How to explain low RTT between extremely long (10s) ping intervals?

I am using the ping utility to troubleshoot what seems to be a slow Internet connection on my home network, but I'm finding the results unusual and difficult to interpret.

I have a Linksys wireless router, and have tried the following simultaneous tests: pinging the the router from my computer, pinging google.com from the router, and pinging google.com from my computer, via the router. Pinging the router from the computer, and pinging Google from the router both work as expected, with minimal packet loss, and low round-trip time ( min/avg/max = 1.601/3.465/9.926, and 20/20/70 respectively).

However, pinging Google from my computer, via the router, reports something that seems very strange to me. It reports a low RTT, and minimal packet loss, but the interval of each ping request, which should be the default 1s, is more like 10s. What this looks like is about a 10s delay between each time ping prints some output. But the resulting RTT is low, e.g.:

64 bytes from 74.125.226.115: icmp_seq=31 ttl=52 time=29.2 ms

When I run this side-by-side with the other tests, the other tests will have sent about 100 requests at the time that this test will have sent 10. This seems to contradict the low RTT reported, so I'm not sure how to make sense of this.
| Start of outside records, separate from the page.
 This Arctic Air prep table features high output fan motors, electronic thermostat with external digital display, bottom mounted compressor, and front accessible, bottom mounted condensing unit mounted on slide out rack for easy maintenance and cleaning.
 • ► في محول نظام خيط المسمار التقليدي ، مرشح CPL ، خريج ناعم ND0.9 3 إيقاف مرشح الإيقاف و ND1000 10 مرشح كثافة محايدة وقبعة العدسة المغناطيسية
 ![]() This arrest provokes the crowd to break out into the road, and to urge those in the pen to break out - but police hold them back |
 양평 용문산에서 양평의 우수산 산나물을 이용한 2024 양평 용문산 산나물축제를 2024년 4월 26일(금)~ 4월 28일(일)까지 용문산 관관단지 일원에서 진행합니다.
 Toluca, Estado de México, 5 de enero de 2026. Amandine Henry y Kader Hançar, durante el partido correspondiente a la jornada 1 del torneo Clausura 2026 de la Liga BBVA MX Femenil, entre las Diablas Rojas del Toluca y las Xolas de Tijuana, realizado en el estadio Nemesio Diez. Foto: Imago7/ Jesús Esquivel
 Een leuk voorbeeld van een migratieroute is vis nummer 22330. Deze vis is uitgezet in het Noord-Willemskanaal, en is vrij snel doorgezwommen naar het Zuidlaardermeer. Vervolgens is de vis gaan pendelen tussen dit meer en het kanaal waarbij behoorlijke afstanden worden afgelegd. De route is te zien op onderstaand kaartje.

I'd appreciate any insight anyone can offer.


Solution 1:

It seems that ping does a name resolution before each ICMP request is sent.
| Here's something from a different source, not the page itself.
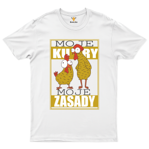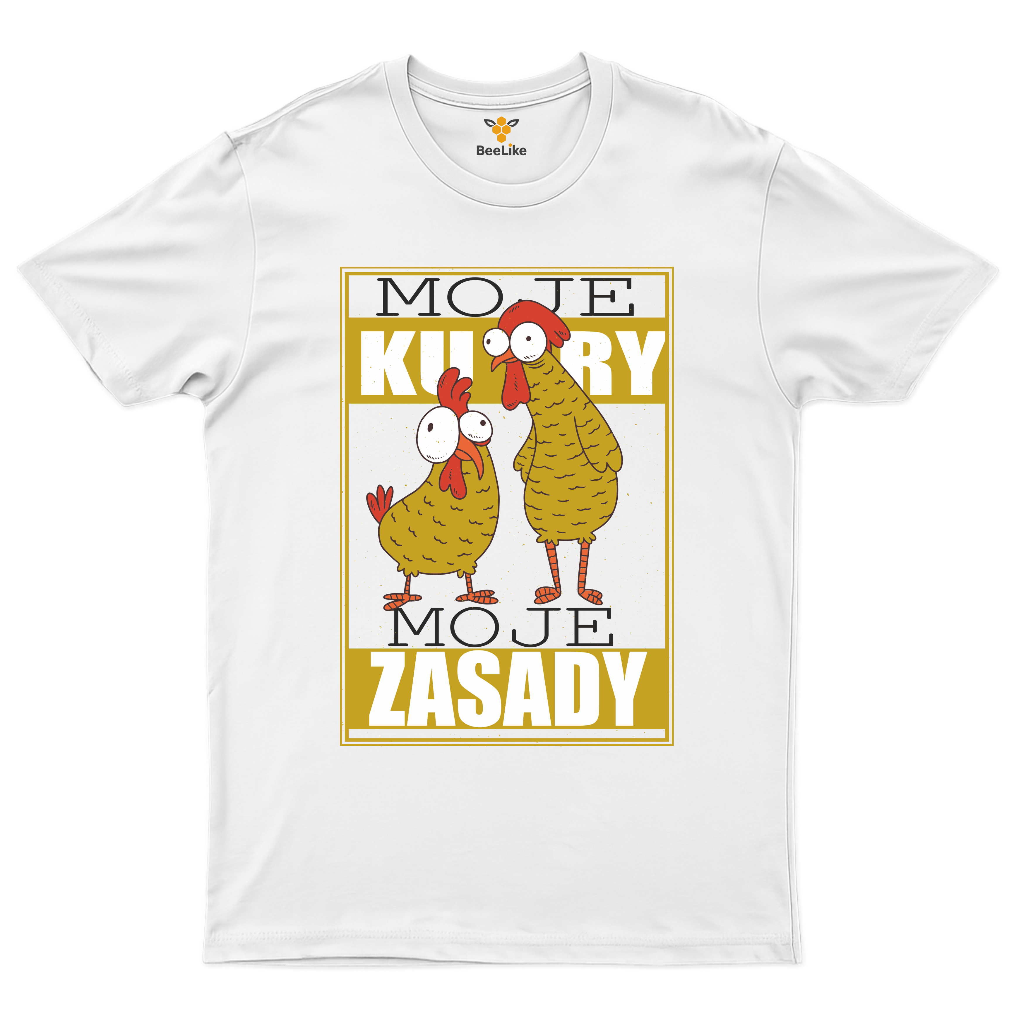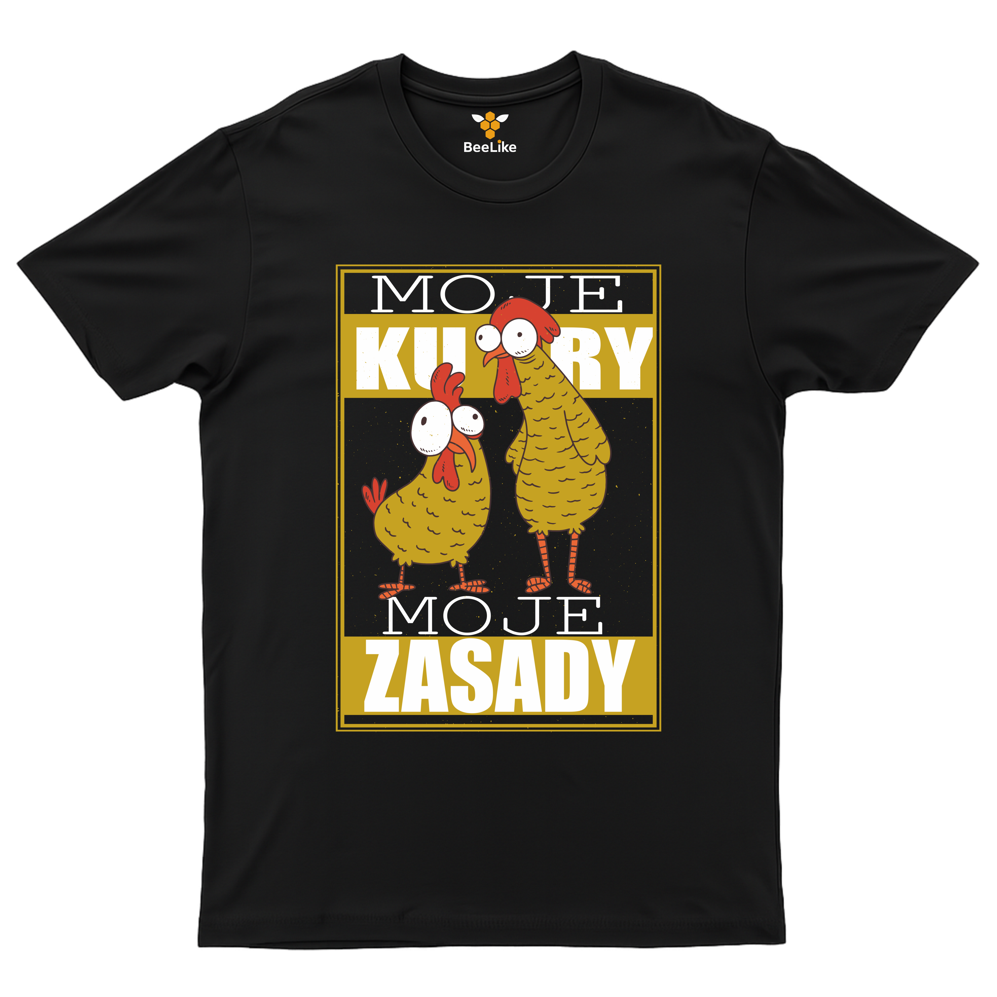 Koszulka męska "Moje kury moje zasady" – Dla panów rządzących kurnikiem!

Maybe it is implemented that way, so that a long-running ping will continue to ping the correct host, even when the host<->IP mapping changes during runtime.

If there is a delay in name resolution (for example, because the RR has a very low TTL and your caching DNS server does not enforce a minimum TTL), then you will likely see long delays between each ICMP request, but individual responses having a low TTL.

Long story short, as suggested elsewhere, try ping -n.

Solution 2:

Run ping with the -n option, so that it does not do reverse name resolution. It is probably your router's dns software, and ping is waiting for the result of the dns lookup and not the icmp reply.

If -n helps, you have two options:

  • fix your router
  • switch to some public dns provider on your PC (like google public dns)

Solution 3:

I also had the problem with 'slugish' ping results after installing dd-wrt as the gw router. I also noticed 'slugish' ping from linux boxes, but no problems from windows boxes. I tried to run with -n and this improved the ping!

Question is, what is root cause, how to fix it so that the lookup goes faster like before?

Solution 4:

Is there some QoS feature on your router (especially if it's flashed to Tomato or DD-WRT) limiting or de-prioritizing ICMP traffic? It could be the router is rate-limiting pings. So it could be the router is allowing LAN hosts to issue only 1 ping per 10 seconds, but when that ping is allowed through it works fine, so that could account for the low RTT but high delays.